Do the designers of tonearms that can accommodate rapid and repeatable changes in arm height also operate on a different premise? You have one premise and conclusion and David said he agreed with it. I have a different premise and conclusion based on different experience.
You write that "differences due to LP thickness are minimal, they can be discarded." Let's look at this. The difference in thickness between my original pressing of Holst' The Planets and the reissue is somewhere between 0.5mm and 1.0mm. Let's call it 0.75mm. Are you saying that if no arm height adjustments are made, that the SRA will not change with this LP thickness change when we play each record? David previously wrote that a .5mm arm height change can be "crucial" to the sound. This is about a 3/20th of one degree change in SRA. How would changing the height of the LP plane by 0.75mm not change, in your very words, the "optimal fixed angle relative to [the] plane of the spinning disk"?
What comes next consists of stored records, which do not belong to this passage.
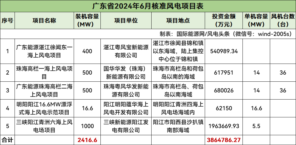 廣東核準5個風電項目,總規(guī)模2416.6MW,總投資3864786.27萬元,均為海上風電項目。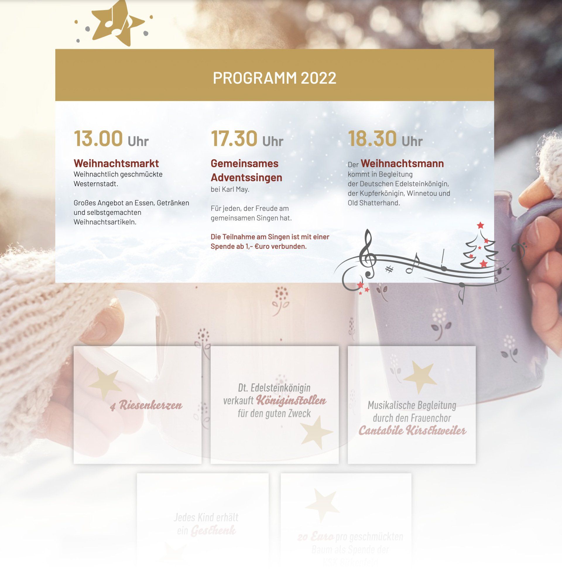 Traditionell am Samstag, vor dem 3. Advent, in diesem Jahr der 10. Dezember 2022 erstrahlt die Westernstadt und die Freilichtbühne im weihnachtlichen Ambiente.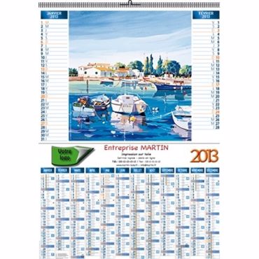 Calendrier mural Illustré FRONT DE MER. Calendrier illustré de photos 6 feuillets & planning 12 mois. Dimensions du repiquage : 255 x 40mm. 2 mois par page. 1 rainage pour pliage, pour envoi postal, reliure spirale métallique double blanche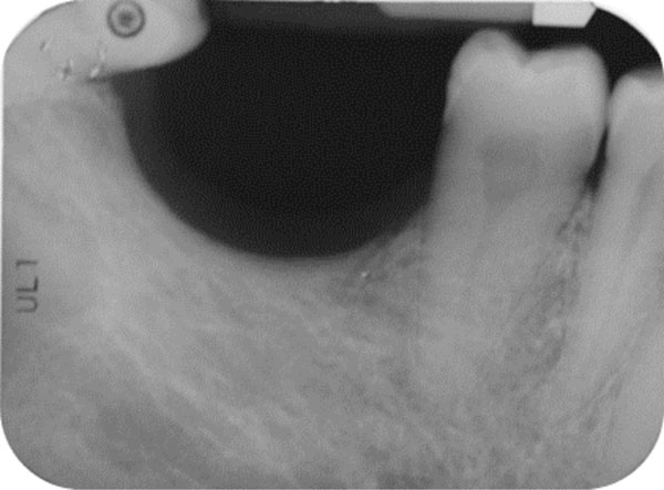 Endoral radiograph. The corresponding alveolar ridge shows a severe vertical atrophy.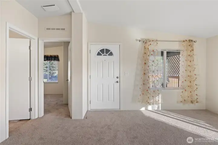 Nestled in the heart of Oak Harbor’s highly desirable Western Village—a peaceful, 55+ community—this beautifully maintained home offers comfort, accessibility, and easy living. Enjoy a bright, open layout with brand-new carpeting throughout, featuring 2 bedrooms and 1¾ baths in a thoughtful split-bedroom design for added privacy. The spacious primary suite includes a walk-in shower and walk-in closet for everyday convenience. The home’s large kitchen and dining area provide plenty of room for entertaining, while the covered front deck and accessibility ramp add both charm and functionality. A dedicated laundry area (washer and dryer included) and an outdoor storage shed offer extra space and practicality. Set along a quiet, non-thoroughfare side street with minimal traffic, you’ll appreciate the peaceful setting and small grassy areas in both front and back yards. Just minutes from grocery stores, medical centers, and all that Oak Harbor has to offer. Please note: Buyers must apply for residency approval through Western Village Estates LLC.
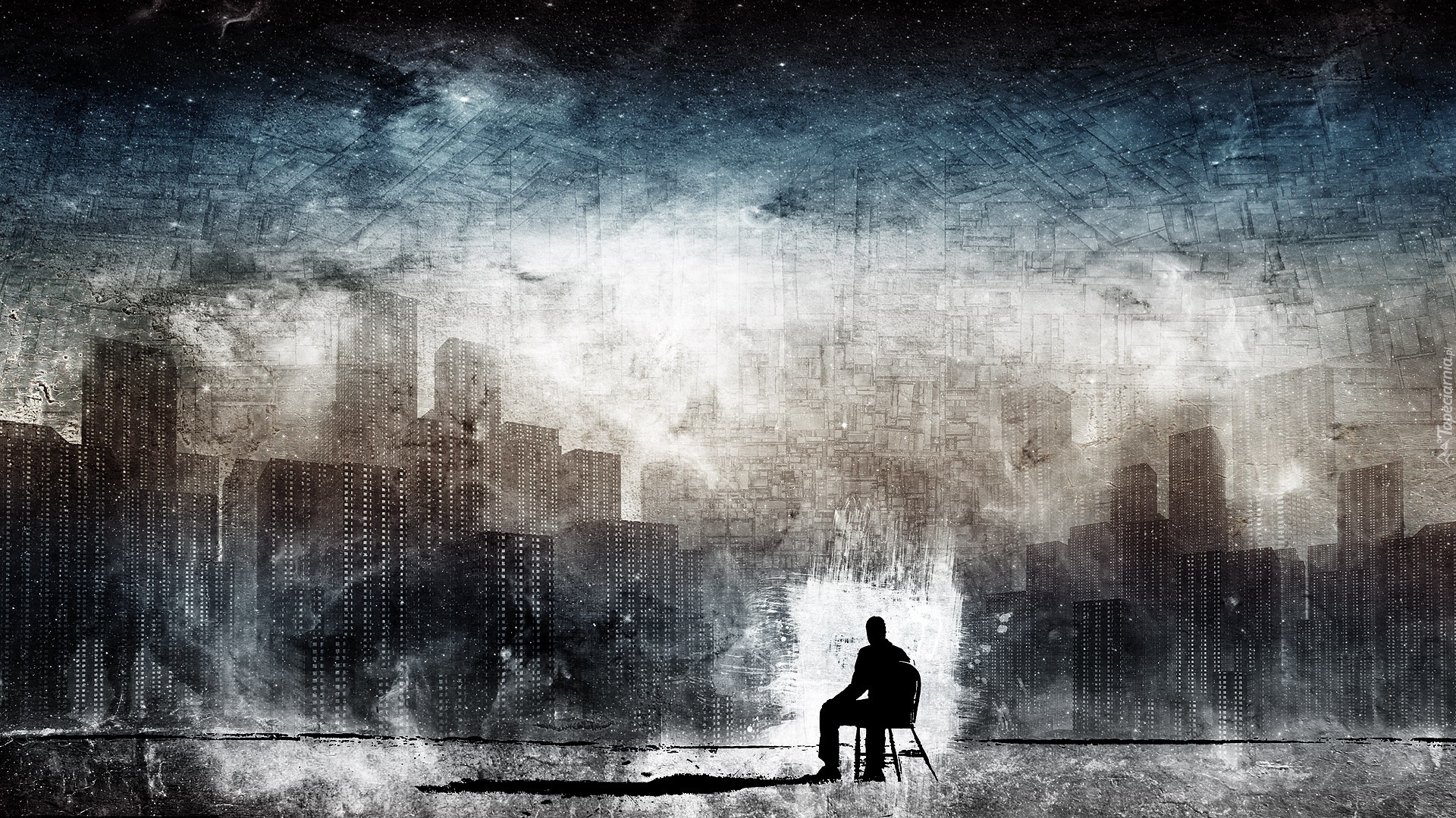 Edytor tapety: Grafika, Mężczyzna, Domy, Miasto

You could argue that 3/20th of one degree of SRA can also "be discarded" because it is "minimal", but that is a greater amount than the difference that David said "could be crucial." I now understand why you wrote "Please note that some people consider that each stylus should be adjusted to an optimal fixed angle relative to [the] plane of the spinning disk - it is the movement that defines this angle, not the grove modulations."
I am one of the other people who take a different approach.